Haliza tersentak dengan suara petir yang lagi-lagi sangat kuat dan mengejutkannya. Ia merasa takut, tapi untungnya ia kini sudah berada dalam satu kamar dengan Aldian.
"Ya Allah, kenapa hujan malam ini begitu lebat dan mencekam? Sikap Mas Aldian pun sama mencekam dan menakutkan."
Hujan di luar semakin lebat, bahkan kini disertai deru yang membuat merinding bulu roma. Haliza benar-benar tidak bisa memejamkan mata karena hujan. Berbeda dengan Aldian yang justru sudah terdengar tidur lelap. Suara deru nafasnya sampai terdengar.
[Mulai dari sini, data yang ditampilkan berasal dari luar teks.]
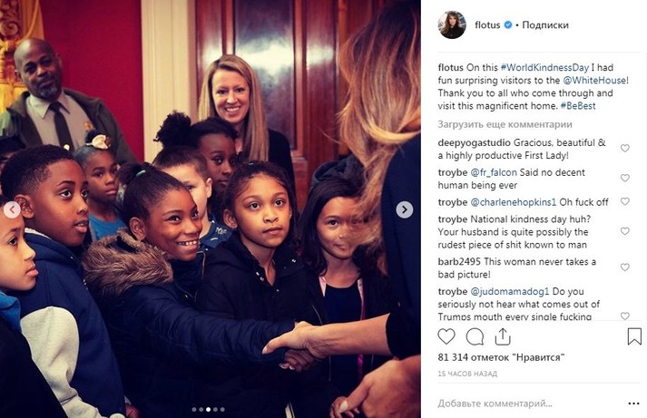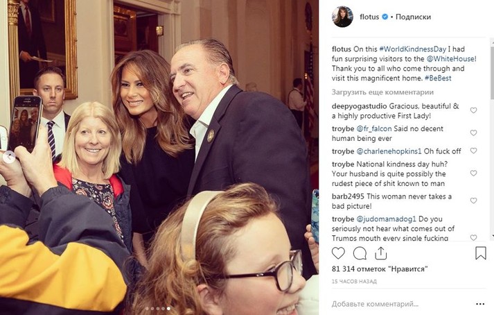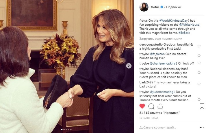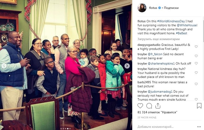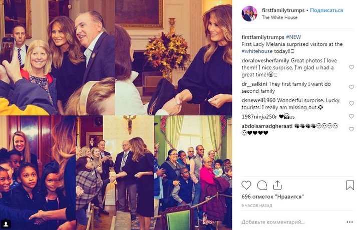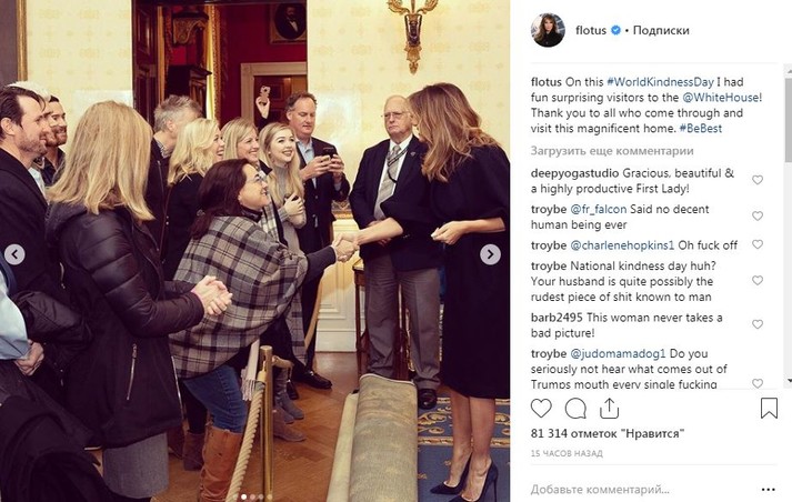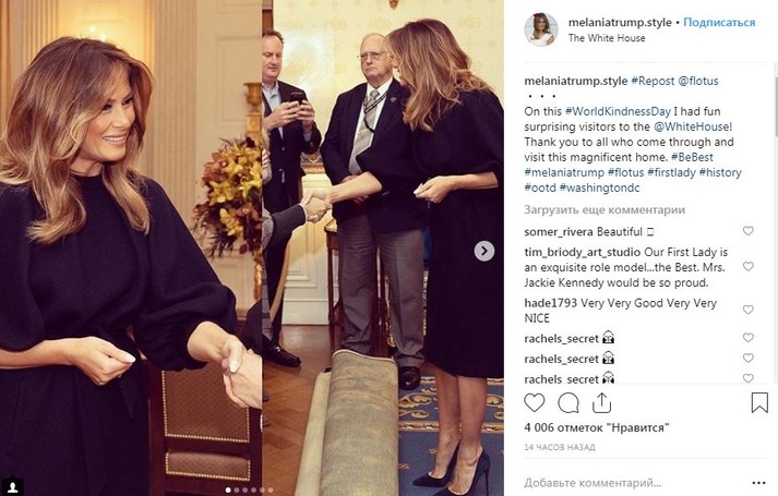 «В этот Всемирный день доброты мне было очень забавно удивлять посетителей Белого дома. Спасибо всем, кто пришел посмотреть этот прекрасный дом», — написала Мелания в Instagram.
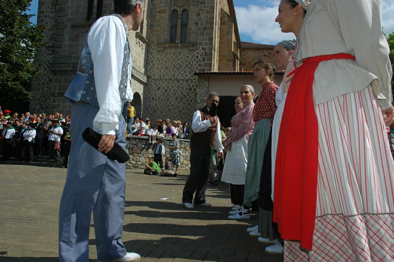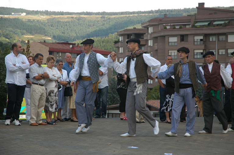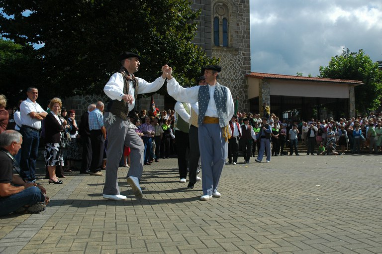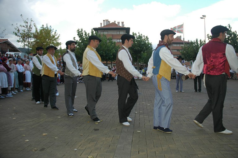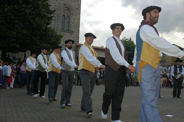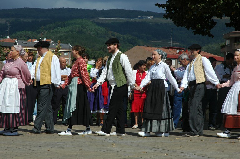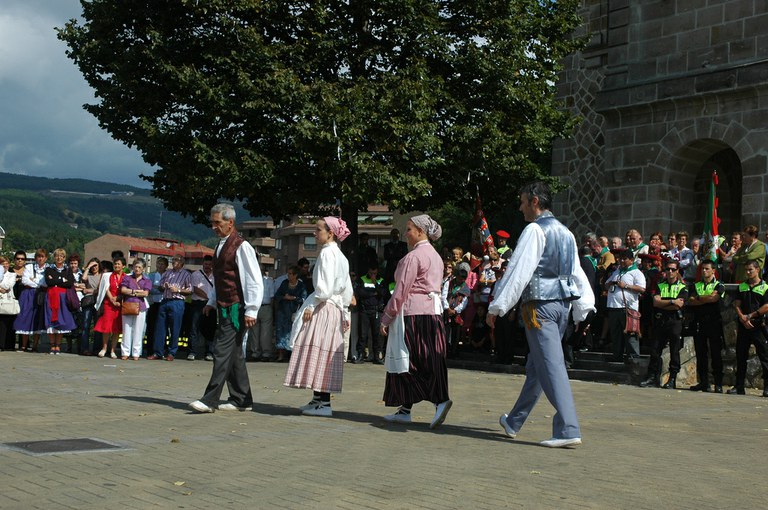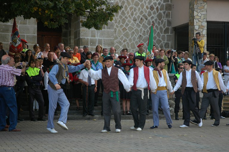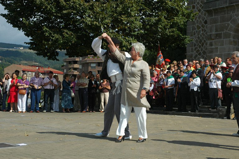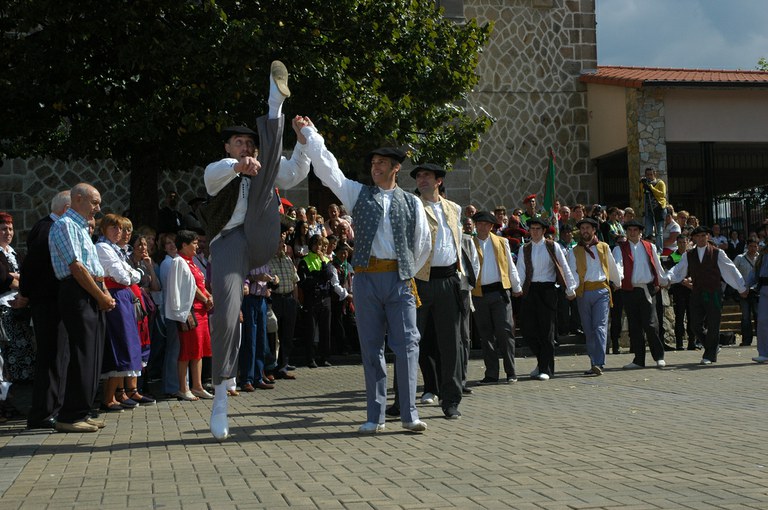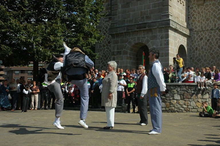Santa Kurutz jaiak ospatzen dituzte Galdakaon, irailaren erdialdean. Bertako Andra Mari dantza taldeko kideek soka-dantza edo erregelak oso osorik dantzatzen dituzte festetako egun nagusian, irailaren 14ean. Galdakao, 2009-09-14. Argazkiak: Oier Araolaza.

Haliza menatap lekat tubuh Aldian dari atas sampai bawah. Dia ingat semua gerak-gerik dan tingkah kocak Aldian yang sering menggodanya. Haliza rindu semua sikap Aldian, termasuk ucapannya yang sering kali to the point atau langsung kepada intinya.
Haliza perlahan bergerak dan mendekati Aldian yang benar-benar sudah nyenyak. Ditatapnya wajah tampan lelaki itu lama, sungguh manis dan mempesona. Dulu, jangankan terpesona, dicium saja Haliza sering memalingkan wajah.
"Aku rindu semua tingkah kamu, Mas. Tidakkah kamu merindukan aku setelah sebulan lamanya kamu tidak sekamar denganku?" batin Haliza menjerit pilu, perlahan air mata itu menetes menuruni pipinya.
Sebuah kecupan, telah Haliza daratkan di bibir Aldian dengan singkat. Setelah ia tidak bisa lagi menahan rasa rindu terhadap Aldian.
Aldian tersenyum dalam diam, dia merasa puas merasakan Haliza menyesal dan sedih. "Bagus. Begitu dong. Coba dari dulu kamu kaya gitu, mungkin hubungan rumah tangga kita akan selalu harmonis." Aldian berbicara di dalam hati, merasa puas dengan rasa penyesalan yang diperlihatkan Haliza.